Data segment:
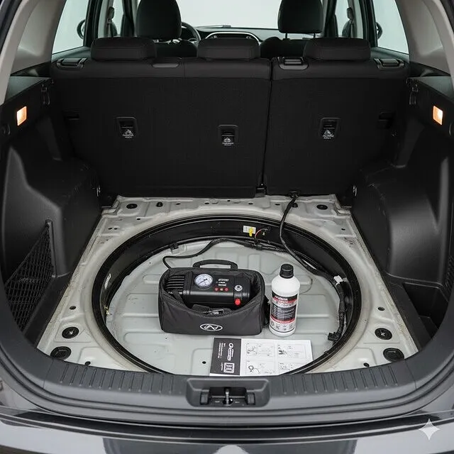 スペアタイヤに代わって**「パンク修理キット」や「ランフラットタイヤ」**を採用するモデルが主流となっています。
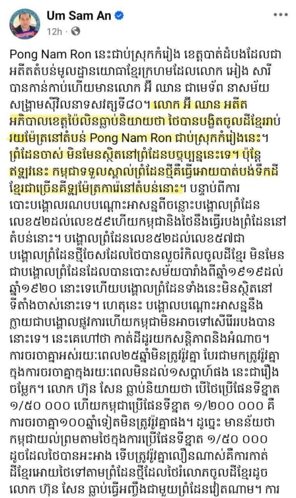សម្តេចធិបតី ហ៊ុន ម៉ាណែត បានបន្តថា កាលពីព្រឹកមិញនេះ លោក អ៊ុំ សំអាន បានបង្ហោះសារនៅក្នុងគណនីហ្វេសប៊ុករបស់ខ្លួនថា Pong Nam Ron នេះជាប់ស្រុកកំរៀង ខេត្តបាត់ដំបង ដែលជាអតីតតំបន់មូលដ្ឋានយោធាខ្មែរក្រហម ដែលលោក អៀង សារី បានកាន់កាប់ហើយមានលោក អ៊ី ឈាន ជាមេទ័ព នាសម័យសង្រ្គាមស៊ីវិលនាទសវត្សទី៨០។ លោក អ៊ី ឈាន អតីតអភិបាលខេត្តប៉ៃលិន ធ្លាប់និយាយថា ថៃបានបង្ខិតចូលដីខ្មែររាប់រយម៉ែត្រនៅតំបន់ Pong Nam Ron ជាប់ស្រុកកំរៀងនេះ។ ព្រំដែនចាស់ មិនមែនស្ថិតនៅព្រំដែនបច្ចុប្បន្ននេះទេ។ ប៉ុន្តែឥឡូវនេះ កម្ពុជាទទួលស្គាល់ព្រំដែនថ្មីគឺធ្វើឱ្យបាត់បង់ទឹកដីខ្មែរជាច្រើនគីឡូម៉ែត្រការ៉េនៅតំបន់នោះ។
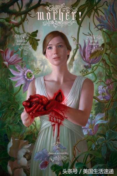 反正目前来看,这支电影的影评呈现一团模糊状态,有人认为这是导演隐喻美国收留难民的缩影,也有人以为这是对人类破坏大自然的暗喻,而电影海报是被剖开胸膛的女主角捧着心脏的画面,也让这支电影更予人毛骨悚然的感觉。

Exercise aim:
Output the lines above in full and exactly as given, omitting any pictures.

Solution for this exercise:
 スペアタイヤに代わって**「パンク修理キット」や「ランフラットタイヤ」**を採用するモデルが主流となっています。
សម្តេចធិបតី ហ៊ុន ម៉ាណែត បានបន្តថា កាលពីព្រឹកមិញនេះ លោក អ៊ុំ សំអាន បានបង្ហោះសារនៅក្នុងគណនីហ្វេសប៊ុករបស់ខ្លួនថា Pong Nam Ron នេះជាប់ស្រុកកំរៀង ខេត្តបាត់ដំបង ដែលជាអតីតតំបន់មូលដ្ឋានយោធាខ្មែរក្រហម ដែលលោក អៀង សារី បានកាន់កាប់ហើយមានលោក អ៊ី ឈាន ជាមេទ័ព នាសម័យសង្រ្គាមស៊ីវិលនាទសវត្សទី៨០។ លោក អ៊ី ឈាន អតីតអភិបាលខេត្តប៉ៃលិន ធ្លាប់និយាយថា ថៃបានបង្ខិតចូលដីខ្មែររាប់រយម៉ែត្រនៅតំបន់ Pong Nam Ron ជាប់ស្រុកកំរៀងនេះ។ ព្រំដែនចាស់ មិនមែនស្ថិតនៅព្រំដែនបច្ចុប្បន្ននេះទេ។ ប៉ុន្តែឥឡូវនេះ កម្ពុជាទទួលស្គាល់ព្រំដែនថ្មីគឺធ្វើឱ្យបាត់បង់ទឹកដីខ្មែរជាច្រើនគីឡូម៉ែត្រការ៉េនៅតំបន់នោះ។
 反正目前来看,这支电影的影评呈现一团模糊状态,有人认为这是导演隐喻美国收留难民的缩影,也有人以为这是对人类破坏大自然的暗喻,而电影海报是被剖开胸膛的女主角捧着心脏的画面,也让这支电影更予人毛骨悚然的感觉。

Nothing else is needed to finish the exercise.